Post by Sparky Prime »

Almighty Unicron wrote:If the knights/dinobots were collected on another world, why do they have earth animal altmodes? They were probably collected in Earth's past. It's not like Earth hasn't been repeatedly meddled with by the TFs in this continuity, such as The Fallen with Egypt.
Who's to say they have to be from Earth, that another planet couldn't have animals that look somewhat similar to dinosaurs? Come to think of it, that could actually explain a few things, like why Grimlock has those horns on his head that a T-Rex doesn't have, or why Strafe is a two-headed, two-tailed Pteranodon.

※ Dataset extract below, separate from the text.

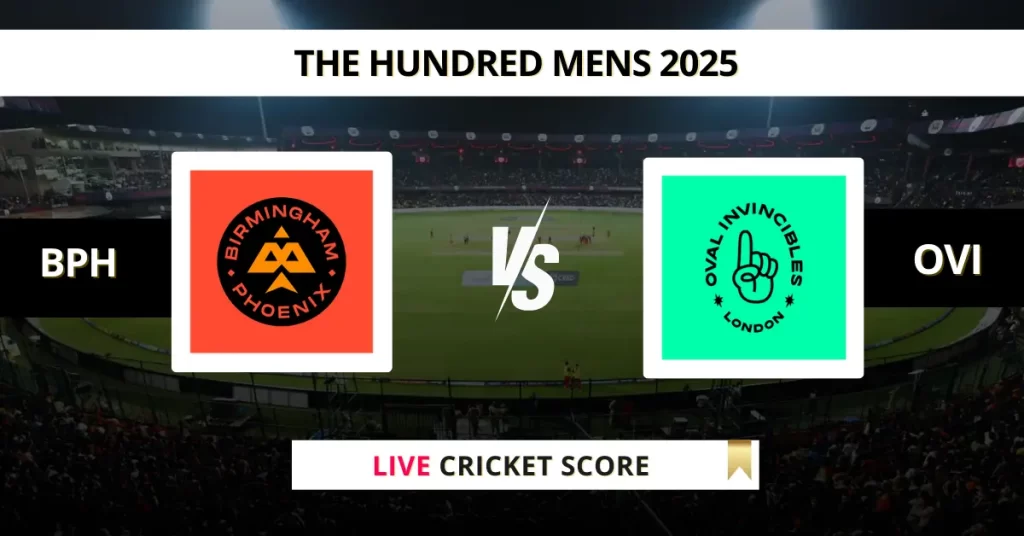 Get Live Score update of BPH vs OVI: Track the live match updates, scorecard, and key moments from Match 10 of The Hundred Mens 2025 happening at Edgbaston today, August 12, 2025, 11:00 PM IST.

But on the other hand, if the Dinobots had gotten those forms on Earth, how? AOE shows when the dinosaurs roamed the Earth the Transformers hadn't been created yet as the Creators were working on making Transformium to build them, and according to ROTF, it wasn't until 17,000 B.C. (when humans were around) that the Dynasty of Primes, the first Cybertronians themselves, visited Earth. Those events would seem to suggest the Cybertronian race may not be that much older than the Human race in this continuity. Oh, and Lockdown said he spent centuries tracking down the Knights, which really wasn't that long ago all things considered. So how could the Dinobots have ever visited Earth at a point when they would have seen dinosaurs?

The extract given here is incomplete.